Apply the Properties of Integer Exponents to generate equivalent expressions to 40 ⋅ 5−2(−2)−3 with only positive exponents, then solve the expression. Your answer will be a simplified fraction with no remaining exponents.(1 point)
First, let's apply the properties of integer exponents to 40 ⋅ 5^(-2)(-2)^(-3):
1. Negative exponent property: a^(-n) = 1/a^n
40 ⋅ 5^(-2)(-2)^(-3) = 40/(5^2),(2^3)
= 40/(5^2)(2^3)
2. Product of powers property: a^n ⋅ a^m = a^(n+m)
40/(5^2)(2^3) = 40/((5^2)⋅(2^3))
Now, let's simplify the expression:
1. Calculate the exponent of each base:
(5^2) = 25
(2^3) = 8
2. Simplify the expression:
40/((5^2)⋅(2^3)) = 40/(25⋅8)
3. Calculate the value of 25⋅8:
25⋅8 = 200
4. Simplify the expression further:
40/200 = 1/5
Therefore, the simplified fraction with no remaining exponents is 1/5.

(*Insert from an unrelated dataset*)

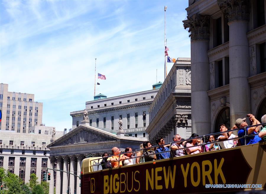 Banderas nacionales estadounidenses ondean a media asta en La Suprema Corte de Nueva York en memoria de las víctimas del tiroteo masivo en el centro nocturno gay "Pulse" en Nueva York, Estados Unidos de América, el 13 de junio de 2016. (Xinhua/Qin Lang)

my apologies for the confusion
Apply the Properties of Integer Exponents to generate equivalent expressions to 40 ⋅ 5^−2(−2)^−3 with only positive exponents, then solve the expression. Your answer will be a simplified fraction with no remaining exponents.(1 point)
To apply the properties of integer exponents and generate equivalent expressions, we can rewrite the expression as follows:
40 ⋅ 5^(-2)(-2)^(-3)
Using the properties of exponents, we have:
1. Negative exponent property: a^(-n) = 1/a^n
Applying this property to 5^(-2), we get:
5^(-2) = 1/5^2
2. Negative exponent property: a^(-n) = 1/a^n
Applying this property to (-2)^(-3), we get:
(-2)^(-3) = 1/(-2)^3
Now, let's rewrite the expression using these equivalent forms:
40 ⋅ 5^(-2)(-2)^(-3) = 40 ⋅ (1/5^2) ⋅ (1/(-2)^3)
Next, we simplify the exponents:
1/5^2 = 1/25
1/(-2)^3 = 1/(-2 * -2 * -2) = 1/(-8) = -1/8
Now, substitute these simplified forms back into the expression:
40 ⋅ (1/5^2) ⋅ (1/(-2)^3) = 40 ⋅ (1/25) ⋅ (-1/8)
Next, multiply the numerators and denominators:
40 ⋅ (1/25) ⋅ (-1/8) = (40 ⋅ 1 ⋅ -1) / (25 ⋅ 8) = -40 / 200 = -1/5
Thus, the simplified fraction with no remaining exponents is -1/5.
To generate equivalent expressions with only positive exponents for the expression 40 ⋅ 5^(-2)(-2)^(-3), we can use the following properties of integer exponents:
1. Product of powers:
a^m * a^n = a^(m+n)
2. Quotient of powers:
a^m / a^n = a^(m-n)
3. Power of a power:
(a^m)^n = a^(m*n)
4. Negative exponent property:
a^(-n) = 1/a^n
Now applying these properties step by step:
Step 1: Simplify the negative exponents:
40 ⋅ 5^(-2)(-2)^(-3)
= 40 * 1/5^2 * 1/(-2)^3
= 40 * 1/25 * 1/(-2)^3
Step 2: Simplify the expression inside the parentheses:
= 40 * 1/25 * 1/(-8)
= 40/25 * 1/(-8)
Step 3: Simplify the fractions:
= (40/25) * (1/(-8))
= (8/5) * (1/(-8))
Step 4: Simplify the expression:
= (8/5) * (-1/8)
= -1/5
Therefore, the simplified fraction of the expression 40 ⋅ 5^(-2)(-2)^(-3) is -1/5.
To apply the properties of integer exponents, we can use the following rules:
1. Product Rule: \(a^m \cdot a^n = a^{m+n}\)
2. Quotient Rule: \(\frac{{a^m}}{{a^n}} = a^{m-n}\)
3. Power Rule: \((a^m)^n = a^{mn}\)
4. Negative Exponent Rule: \(a^{-n} = \frac{1}{{a^n}}\)
Now let's apply these rules to the given expression step by step:
Step 1: Apply the negative exponent rule
\(40 \cdot 5^{-2(-2)-3} = 40 \cdot 5^{-2 \cdot (-2)-3} = 40 \cdot 5^{4-3}\)
Step 2: Simplify the exponent
\(5^{4-3} = 5^1\)
Step 3: Evaluate the expression
\(40 \cdot 5^1 = 40 \cdot 5 = 200\)
So, the equivalent expression to \(40 \cdot 5^{-2(-2)-3}\) with only positive exponents is \(200\).